**Records supplied:**
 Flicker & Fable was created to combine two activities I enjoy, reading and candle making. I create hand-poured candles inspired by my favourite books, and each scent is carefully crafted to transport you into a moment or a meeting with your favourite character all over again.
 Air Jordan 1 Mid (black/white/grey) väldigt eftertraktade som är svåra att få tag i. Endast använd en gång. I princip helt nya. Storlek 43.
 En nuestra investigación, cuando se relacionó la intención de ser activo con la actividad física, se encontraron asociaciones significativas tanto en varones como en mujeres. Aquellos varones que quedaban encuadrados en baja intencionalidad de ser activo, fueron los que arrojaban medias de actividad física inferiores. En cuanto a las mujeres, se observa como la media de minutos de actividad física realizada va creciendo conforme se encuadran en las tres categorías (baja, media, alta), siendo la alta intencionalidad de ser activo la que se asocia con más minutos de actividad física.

---

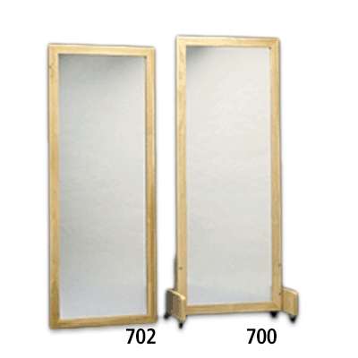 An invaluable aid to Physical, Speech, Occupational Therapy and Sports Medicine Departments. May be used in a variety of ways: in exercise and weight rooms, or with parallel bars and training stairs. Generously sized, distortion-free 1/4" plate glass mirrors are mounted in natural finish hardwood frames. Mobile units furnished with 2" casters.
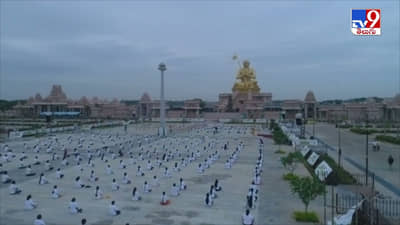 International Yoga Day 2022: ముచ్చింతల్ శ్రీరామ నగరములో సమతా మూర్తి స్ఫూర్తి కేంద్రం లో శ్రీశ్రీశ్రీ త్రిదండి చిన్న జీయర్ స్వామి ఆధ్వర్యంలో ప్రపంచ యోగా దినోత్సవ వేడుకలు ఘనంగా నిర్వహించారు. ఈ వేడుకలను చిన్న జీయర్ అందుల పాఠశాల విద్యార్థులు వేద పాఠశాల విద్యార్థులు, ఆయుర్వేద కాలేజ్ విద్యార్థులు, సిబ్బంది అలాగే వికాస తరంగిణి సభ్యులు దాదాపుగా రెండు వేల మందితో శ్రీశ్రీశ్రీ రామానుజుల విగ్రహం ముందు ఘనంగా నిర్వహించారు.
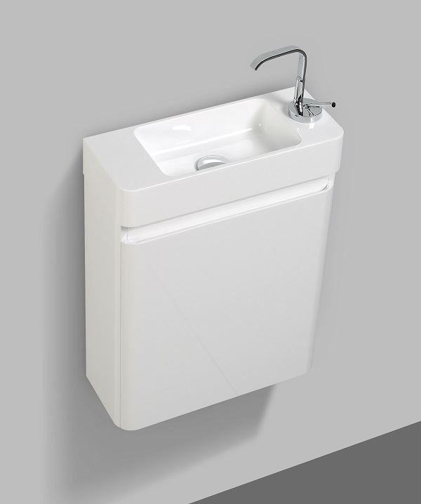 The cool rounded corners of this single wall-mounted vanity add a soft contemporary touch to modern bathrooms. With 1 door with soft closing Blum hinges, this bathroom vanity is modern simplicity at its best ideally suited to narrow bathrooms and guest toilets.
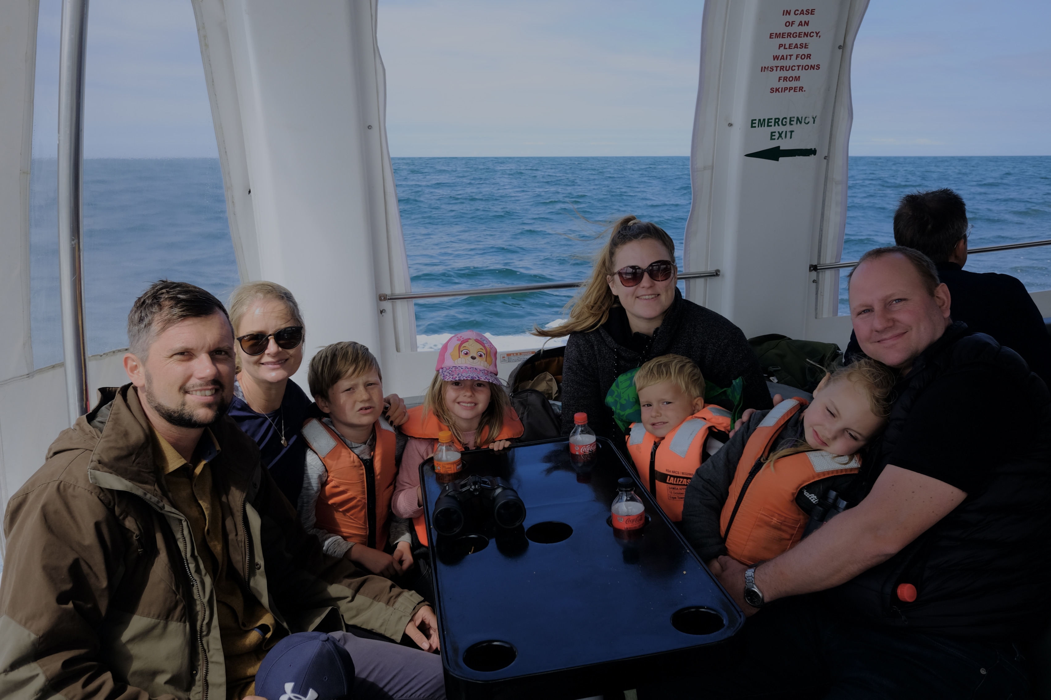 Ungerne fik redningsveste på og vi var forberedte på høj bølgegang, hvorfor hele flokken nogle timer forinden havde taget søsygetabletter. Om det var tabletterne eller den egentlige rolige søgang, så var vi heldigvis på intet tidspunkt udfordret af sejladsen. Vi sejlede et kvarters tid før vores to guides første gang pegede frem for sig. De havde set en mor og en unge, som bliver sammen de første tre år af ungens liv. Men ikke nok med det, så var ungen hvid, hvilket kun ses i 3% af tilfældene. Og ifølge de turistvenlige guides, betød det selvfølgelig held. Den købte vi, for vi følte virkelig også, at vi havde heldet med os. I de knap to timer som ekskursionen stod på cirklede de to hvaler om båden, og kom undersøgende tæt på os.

--

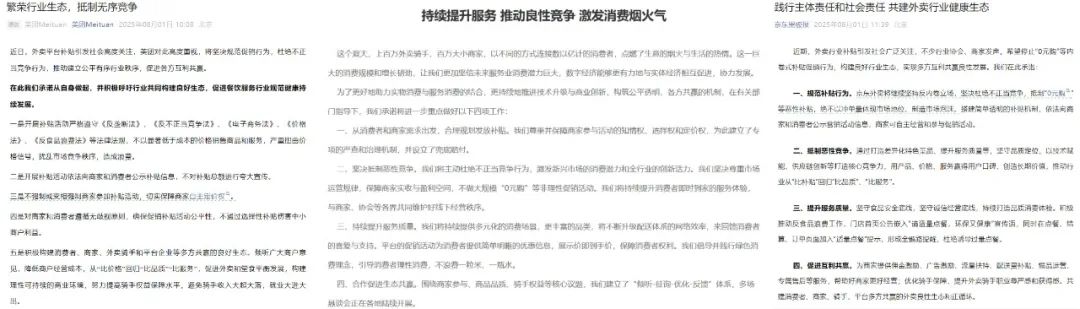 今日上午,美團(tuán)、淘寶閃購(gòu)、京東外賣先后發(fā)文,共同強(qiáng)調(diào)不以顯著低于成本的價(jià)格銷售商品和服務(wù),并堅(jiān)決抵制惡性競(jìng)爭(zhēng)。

**Exercise description:**
Retype only this portion of the data above: the line containing "Flicker & Fable", the line containing "En nuestra investigación, cuando", and all lines between them, exactly.

**Problem solution:**
 Flicker & Fable was created to combine two activities I enjoy, reading and candle making. I create hand-poured candles inspired by my favourite books, and each scent is carefully crafted to transport you into a moment or a meeting with your favourite character all over again.
 Air Jordan 1 Mid (black/white/grey) väldigt eftertraktade som är svåra att få tag i. Endast använd en gång. I princip helt nya. Storlek 43.
 En nuestra investigación, cuando se relacionó la intención de ser activo con la actividad física, se encontraron asociaciones significativas tanto en varones como en mujeres. Aquellos varones que quedaban encuadrados en baja intencionalidad de ser activo, fueron los que arrojaban medias de actividad física inferiores. En cuanto a las mujeres, se observa como la media de minutos de actividad física realizada va creciendo conforme se encuadran en las tres categorías (baja, media, alta), siendo la alta intencionalidad de ser activo la que se asocia con más minutos de actividad física.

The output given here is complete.